Climbing race 3:00:00 [5]
Banff comp, scramble format. Felt great and was just trying to onsight as many routes/ boulders as possible. After warming up I began by doing 28 by watching Kyle and Matt onsight/ flash it. Next I think that I tried 32 and fell near the beginning because I messed up the sequence, so I drifted over to the other side of the gym where I tied into number 29, which was a stemmy sort of route, and I successfully onsighted it. Beside that there was 36 and I had seen a couple of the boys that were much stronger then me struggling with the start because they didn't have the sequence correctly figured out and so on my third try I was able to balance my way around to the next obstacle, which was a big blue feature, sort of in the shape of a slice of an orange just glued to the wall with the peel facing down. There I couldn't figure out how to get around it so I struggled for a couple minutes, getting pumped before finally falling off the wall. When I came down Eva told me that I need to like lean over and do sort of a muscle up and sticking my foot underneath me.
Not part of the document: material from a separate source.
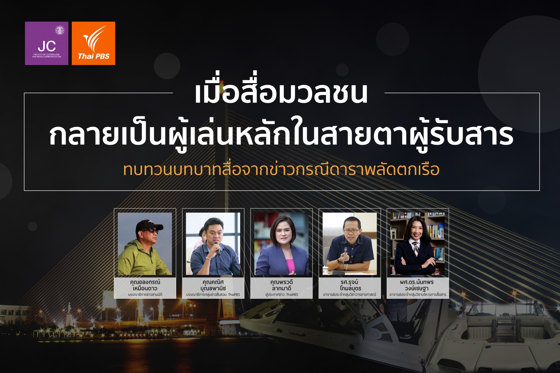 คณะวารสารศาสตร์และสื่อสารมวลชน มหาวิทยาลัยธรรมศาสตร์ ได้จัดเสวนาวิชาการ ในหัวข้อ “เมื่อสื่อมวลชนกลายเป็นผู้เล่นหลักในสายตาผู้รับสาร : ทบทวนบทบาทสื่อจากข่าวกรณีดาราพลัดตกเรือ” โดยได้รับเกียรติจาก รศ.กัลยกร วรกุลลัฎฐานีย์ คณบดีคณะวารสารศาสตร์และสื่อสารมวลชน กล่าวเปิดงาน ภายในงานมีผู้เชี่ยวชาญด้านสื่อสารมวลชน มาร่วมแสดงความเห็น วิทยากรประกอบด้วย คุณอลงกรณ์ เหมือนดาว บรรณาธิการข่าวสามมิติ คุณคณิศ บุณยพานิช บรรณาธิการกลุ่มข่าวสืบสวน ThaiPBS คุณพรวดี ลาทนาดี ผู้ประกาศข่าว ThaiPBS รศ.รุจน์ โกมลบุตร อาจารย์ประจำกลุ่มวิชาวารสารศาสตร์ และผศ.ดร.นันทพร วงษ์เชษฐา อาจารย์ประจำกลุ่มวิชาบริหารการสื่อสาร

That worked, therefore I got over it and ended up pressing into the small roof. There was now an orange sloper that I could barely hold onto (other people were holding it with two hands and trying to rock over to the next crimp. I on the other hand could not possibly, do that so I shifted as far as I could to the left under the overhang and then placed my foot onto a feature, with my right hand on the really bad orange sloper, where I then released my left and was able to grab the quite positive crimp. At that point I was pumped and so I couldn't do the next move statically therefore I fell off and had to get some more problems because I only had 2.
That comp was the funnest climbing comp that I had ever been to, full of onsights, close calls, and great climbing.